Technical Note Series:
inflation classification model

Our NewsBots are tools to track the news relevant to a specific task in the investment process, see an application to tracking inflation here. The intuition behind is to catch those events which can have a significant effect on the inflation forecast but don’t show up in usual data, such as regulated price changes, phone plan adjustments, retailers competition, airfares, etc.

This post provides some details about one of our models. We show how Natural Language Processing (NLP) can deal with rather complex tasks when given the right inputs.

Data acquisition and preprocessing

The data come from 50,000 scrapped news wesbsite sources. We query those sources with plain keyword searches.

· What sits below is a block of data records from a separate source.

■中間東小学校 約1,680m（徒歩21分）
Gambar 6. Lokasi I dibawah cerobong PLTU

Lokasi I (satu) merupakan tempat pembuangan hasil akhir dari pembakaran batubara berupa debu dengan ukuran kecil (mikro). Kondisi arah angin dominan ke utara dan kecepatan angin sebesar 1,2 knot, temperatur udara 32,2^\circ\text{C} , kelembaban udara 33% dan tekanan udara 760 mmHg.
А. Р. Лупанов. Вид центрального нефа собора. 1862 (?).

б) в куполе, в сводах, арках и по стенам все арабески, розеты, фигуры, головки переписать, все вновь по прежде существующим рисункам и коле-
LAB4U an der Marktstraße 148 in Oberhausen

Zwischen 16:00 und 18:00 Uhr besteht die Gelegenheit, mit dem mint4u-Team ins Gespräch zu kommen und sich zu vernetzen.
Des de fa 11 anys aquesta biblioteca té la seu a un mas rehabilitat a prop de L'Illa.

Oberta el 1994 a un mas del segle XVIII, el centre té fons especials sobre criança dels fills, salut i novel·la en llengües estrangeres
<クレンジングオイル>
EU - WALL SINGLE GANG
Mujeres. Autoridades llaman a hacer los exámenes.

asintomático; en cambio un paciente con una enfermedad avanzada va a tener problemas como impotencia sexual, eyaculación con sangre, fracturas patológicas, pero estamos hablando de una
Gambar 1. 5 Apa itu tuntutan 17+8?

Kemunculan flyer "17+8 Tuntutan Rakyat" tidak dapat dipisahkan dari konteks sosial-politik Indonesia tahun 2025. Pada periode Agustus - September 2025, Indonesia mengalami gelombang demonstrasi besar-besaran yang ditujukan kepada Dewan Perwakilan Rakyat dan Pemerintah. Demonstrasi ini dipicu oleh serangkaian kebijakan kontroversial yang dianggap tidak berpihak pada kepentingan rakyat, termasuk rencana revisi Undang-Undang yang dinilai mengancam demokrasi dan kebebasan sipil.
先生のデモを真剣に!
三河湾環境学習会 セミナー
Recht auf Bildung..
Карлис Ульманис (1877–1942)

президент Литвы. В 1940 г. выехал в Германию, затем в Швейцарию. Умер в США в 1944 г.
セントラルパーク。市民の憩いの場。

It would not be optimal to apply the classification model on this dataset straight away. Our sample would be too unbalanced, with the “interesting” news representing fewer than 5% of our sample. To train a model on such data is proved problematic.

So we have added an extra layer of filtering. It is an in-house search engine which looks for a number of inflation related situations. Every article content is analyzed in its integrity. With this method, we are able to reject 80% of the initial news set, getting us a bit closer to a balanced dataset (but the dataset is still unbalanced with roughly only 25% positives).

Labeling

That is certainly the key part. We feed the classification model with examples to distinguish between irrelevant (class 0) and relevant (class 1) news, from the point of view of forecasting inflation.

The task is a bit more complex than most classification problems in the ML literature, such as distinguishing between T-shirts and shoes pictures, or looking for positive and negative reviews to stick with NLP.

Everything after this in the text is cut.